= Work to complete =
The result should be the full listing copied exactly, with no pictures in it.

= Source records =
--*--
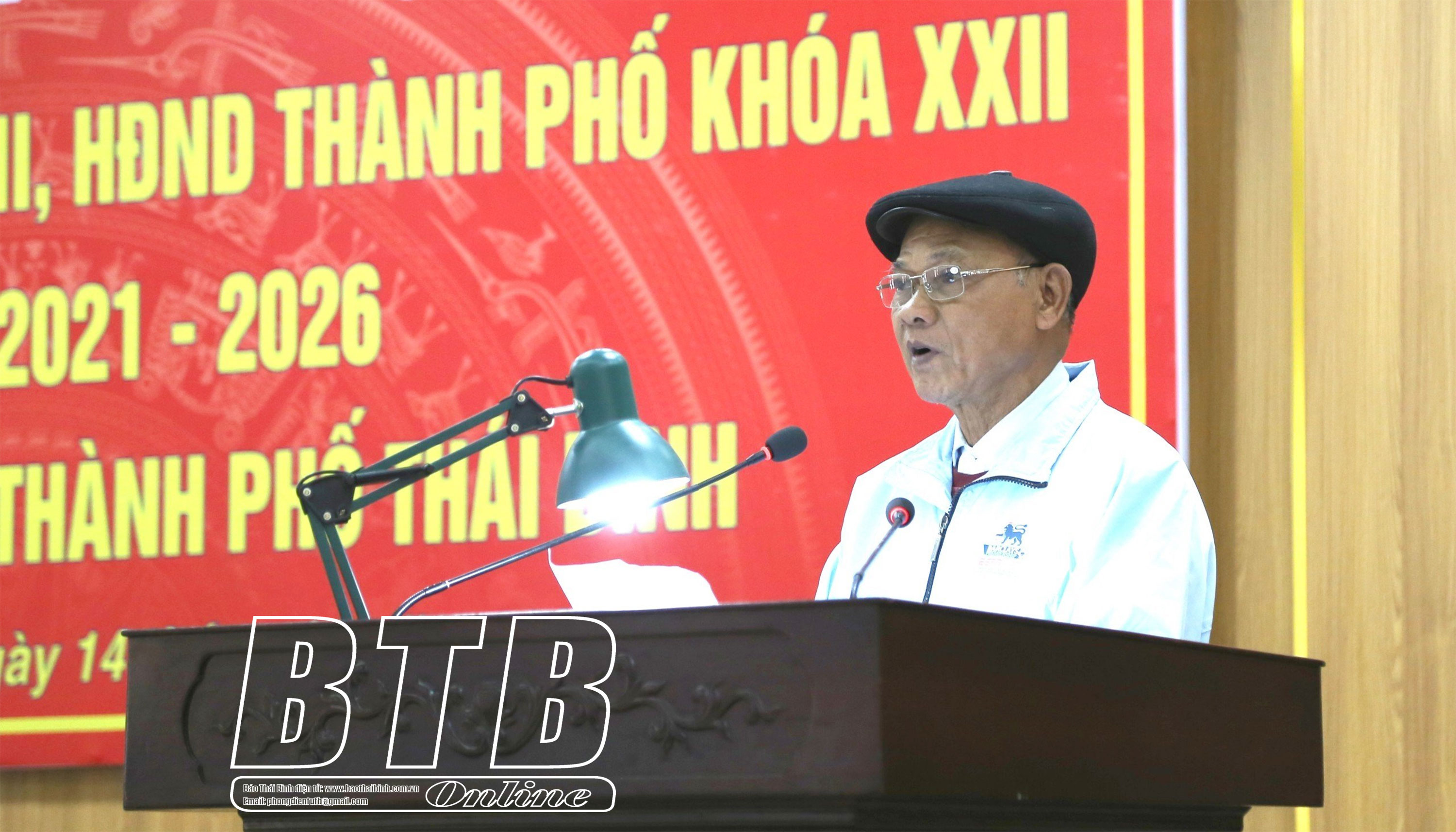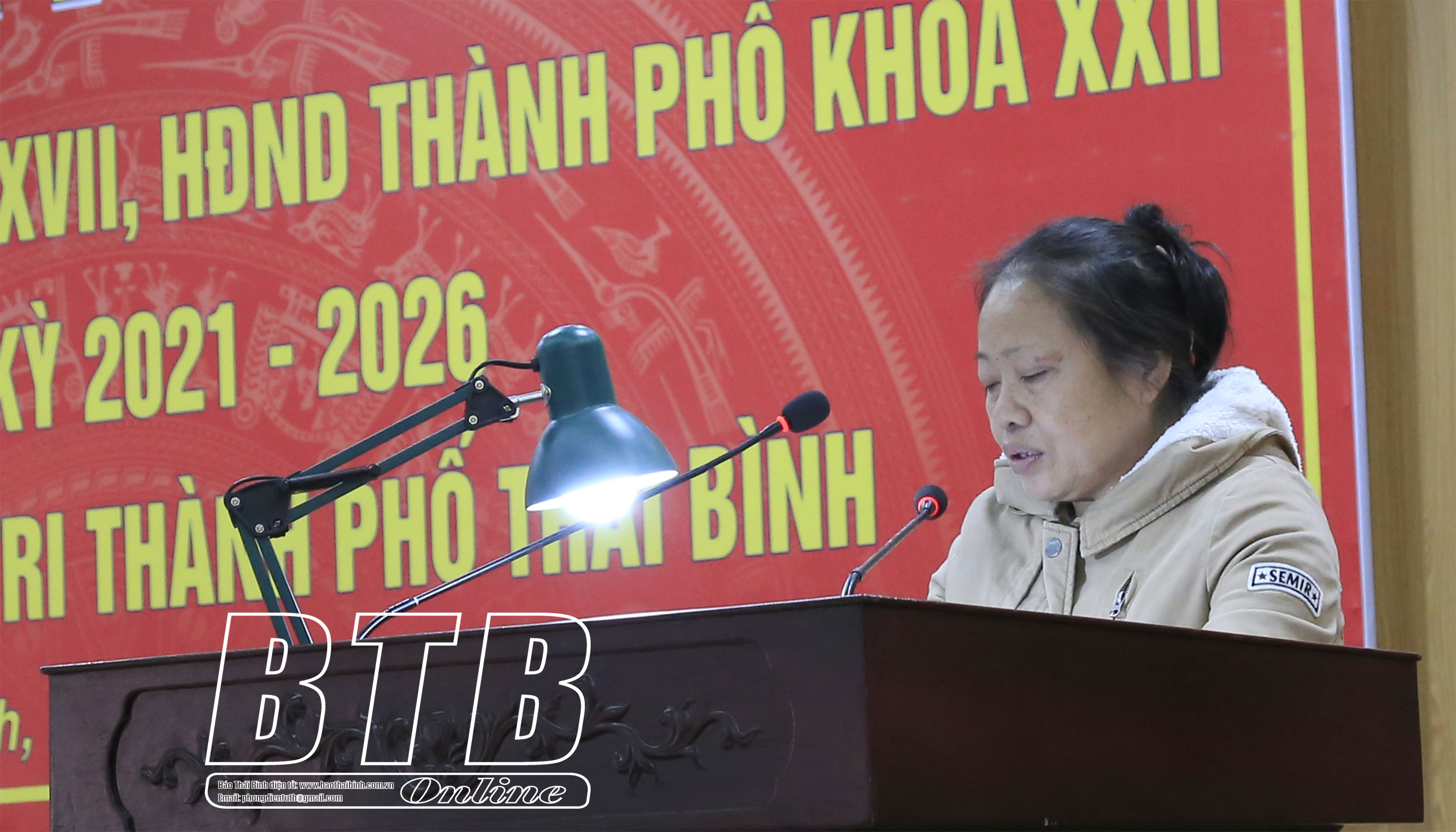 Cử tri thành phố phát biểu cơ bản nhất trí với dự kiến nội dung, chương trình kỳ họp; đồng thời kiến nghị một số vấn đề đáng quan tâm. Cử tri phường Trần Lãm nêu thực trạng tuyến đường Trần Lãm xuống cấp ảnh hưởng đến giao thông đi lại, kiến nghị bố trí nguồn lực để tu sửa, nâng cấp mặt đường. Cử tri phường Tiền Phong kiến nghị một số nội dung liên quan đến xử lý rác thải, vệ sinh môi trường, phát triển đô thị 2 bên sông Trà Lý, việc bảo đảm an sinh xã hội sau thu hồi đất nông nghiệp phục vụ công trình công cộng, di chuyển một số trụ sở sang địa điểm mới bảo đảm an toàn giao thông, làm tốt hơn công tác tiếp công dân, giải quyết khiếu nại, tố cáo…
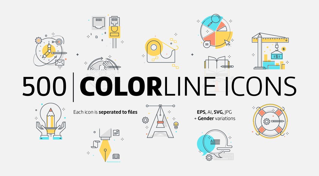 Designed and published by the team of Howcolour, this modern and minimalist collection of line icons is well suited for both print and web design projects. Thanks to the use of vector graphics, everything is still fully editable. You can change the size as well as any color and shape just the way you want it. The line icons were made using a grid of 198 px with 2 px outlines. In addition to the vector files (AI, EPS, SVG), the set includes JPG files for every icon. The full collection is organized in numerous categories such as business, finance, development, technology, construction, education and school, energy industry, green energy, game development, growth hacking, insurance, law and justice, office tools, personality, project development, real estate, shopping, and network.
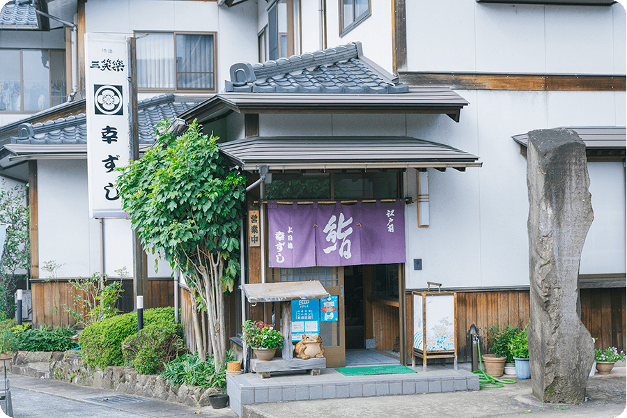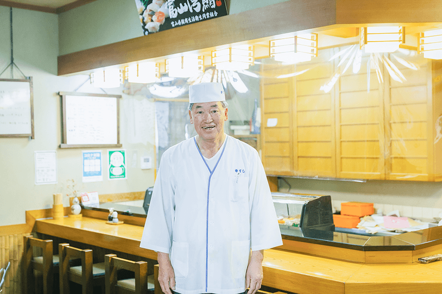 南砺市城端(じょうはな)は「城端別院 善徳寺」の門前に広がる小さな町です。江戸時代から加賀絹の産地として栄え、生産が活発に行われていたころは町の至る場所から機織りの音が響いていました。「城端別院 善徳寺」の斜向かいにある「幸ずし」は、昭和35年に店主の窪田幸司さんの父が開業しました。南砺地区は海に面しておらず、山に囲まれた町。「当時は城端線の沿線で鮨を専門に出す店はありませんでした」と窪田さん。金沢で修行をして店に入り、現在は、家族と一緒に暖簾を守っています。
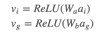 最终全局图像特征将与 word embedding 拼接在一起成为 LSTM 的输入:xt=[wt;vg] 局部图像特征则用在了 attention 部分。
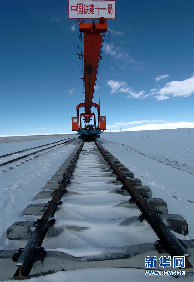 青藏鐵路在鋪軌建設(shè)中(2004年11月19日攝)。新華社記者覺果攝
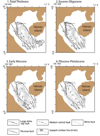 - ^ a b Sun, Zhen, et al. "Experimental evidence for the dynamics of the formation of the Yinggehai basin, NW South China Sea." Tectonophysics 372.1 (2003): 41-58.
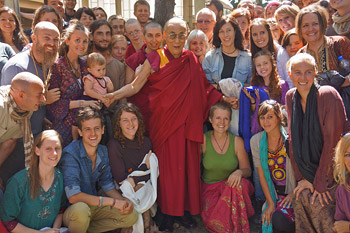 His Holiness the Dalai Lama posing for a photo with some of the 1500 people attending his public audience in Dharamsala, HP, India on May 28, 2014. Photo/Jeremy Russell/OHHDL
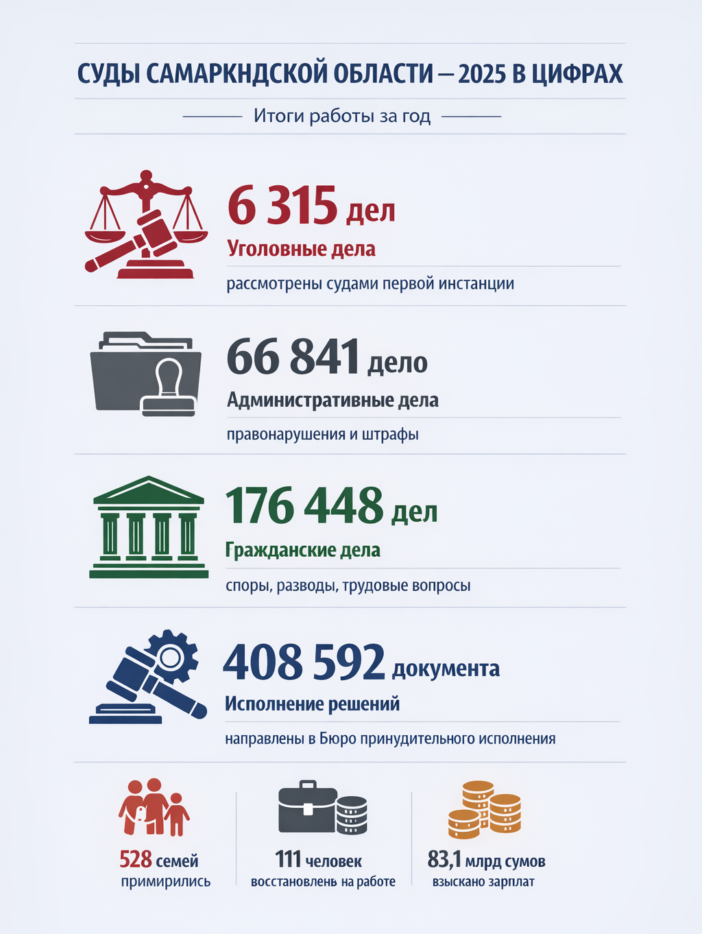 На брифинге, состоявшемся в Самарканде, представители областного суда представили подробные итоги работы судебной системы за 2025 год. Здесь озвучено много ключевых показателей: от числа рассмотренных уголовных дел и решений апелляционных инстанций до динамики гражданских споров, результатов примирения семей и исполнения решений через Бюро принудительного исполнения.
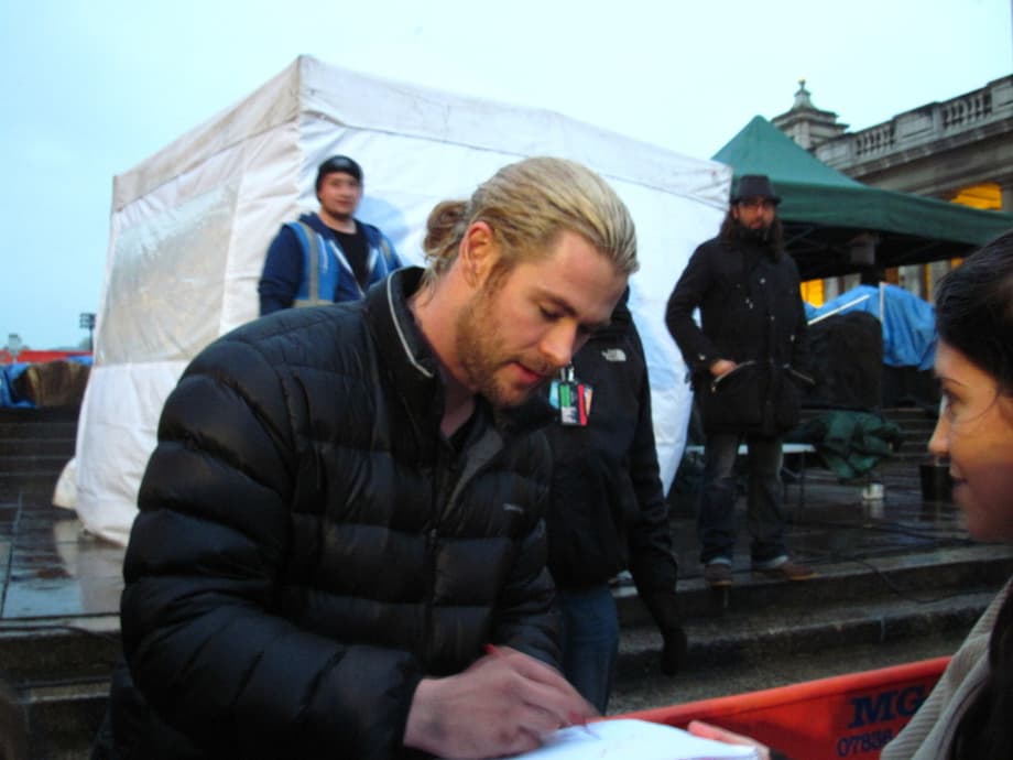 Shooting for the much-anticipated Thor: The Dark World flick has wrapped, for today, but it's expected to pick-up tomorrow and undergo for another 2 weeks at Greenwich, London, England. And the latest, greatest batch of photos from the guarded set once again feature the star Chris Hemsworth suited up in Asgardian armor, and wielding the mighty Mjolnir before the cameras. Displayed in high-quality courtesy of CeleBuzz and Fame/Flynet, hit the images below to enlarge!
--*--
= Exercise response =
 Cử tri thành phố phát biểu cơ bản nhất trí với dự kiến nội dung, chương trình kỳ họp; đồng thời kiến nghị một số vấn đề đáng quan tâm. Cử tri phường Trần Lãm nêu thực trạng tuyến đường Trần Lãm xuống cấp ảnh hưởng đến giao thông đi lại, kiến nghị bố trí nguồn lực để tu sửa, nâng cấp mặt đường. Cử tri phường Tiền Phong kiến nghị một số nội dung liên quan đến xử lý rác thải, vệ sinh môi trường, phát triển đô thị 2 bên sông Trà Lý, việc bảo đảm an sinh xã hội sau thu hồi đất nông nghiệp phục vụ công trình công cộng, di chuyển một số trụ sở sang địa điểm mới bảo đảm an toàn giao thông, làm tốt hơn công tác tiếp công dân, giải quyết khiếu nại, tố cáo…
 Designed and published by the team of Howcolour, this modern and minimalist collection of line icons is well suited for both print and web design projects. Thanks to the use of vector graphics, everything is still fully editable. You can change the size as well as any color and shape just the way you want it. The line icons were made using a grid of 198 px with 2 px outlines. In addition to the vector files (AI, EPS, SVG), the set includes JPG files for every icon. The full collection is organized in numerous categories such as business, finance, development, technology, construction, education and school, energy industry, green energy, game development, growth hacking, insurance, law and justice, office tools, personality, project development, real estate, shopping, and network.
 南砺市城端(じょうはな)は「城端別院 善徳寺」の門前に広がる小さな町です。江戸時代から加賀絹の産地として栄え、生産が活発に行われていたころは町の至る場所から機織りの音が響いていました。「城端別院 善徳寺」の斜向かいにある「幸ずし」は、昭和35年に店主の窪田幸司さんの父が開業しました。南砺地区は海に面しておらず、山に囲まれた町。「当時は城端線の沿線で鮨を専門に出す店はありませんでした」と窪田さん。金沢で修行をして店に入り、現在は、家族と一緒に暖簾を守っています。
 最终全局图像特征将与 word embedding 拼接在一起成为 LSTM 的输入:xt=[wt;vg] 局部图像特征则用在了 attention 部分。
 青藏鐵路在鋪軌建設(shè)中(2004年11月19日攝)。新華社記者覺果攝
 - ^ a b Sun, Zhen, et al. "Experimental evidence for the dynamics of the formation of the Yinggehai basin, NW South China Sea." Tectonophysics 372.1 (2003): 41-58.
 His Holiness the Dalai Lama posing for a photo with some of the 1500 people attending his public audience in Dharamsala, HP, India on May 28, 2014. Photo/Jeremy Russell/OHHDL
 На брифинге, состоявшемся в Самарканде, представители областного суда представили подробные итоги работы судебной системы за 2025 год. Здесь озвучено много ключевых показателей: от числа рассмотренных уголовных дел и решений апелляционных инстанций до динамики гражданских споров, результатов примирения семей и исполнения решений через Бюро принудительного исполнения.
 Shooting for the much-anticipated Thor: The Dark World flick has wrapped, for today, but it's expected to pick-up tomorrow and undergo for another 2 weeks at Greenwich, London, England. And the latest, greatest batch of photos from the guarded set once again feature the star Chris Hemsworth suited up in Asgardian armor, and wielding the mighty Mjolnir before the cameras. Displayed in high-quality courtesy of CeleBuzz and Fame/Flynet, hit the images below to enlarge!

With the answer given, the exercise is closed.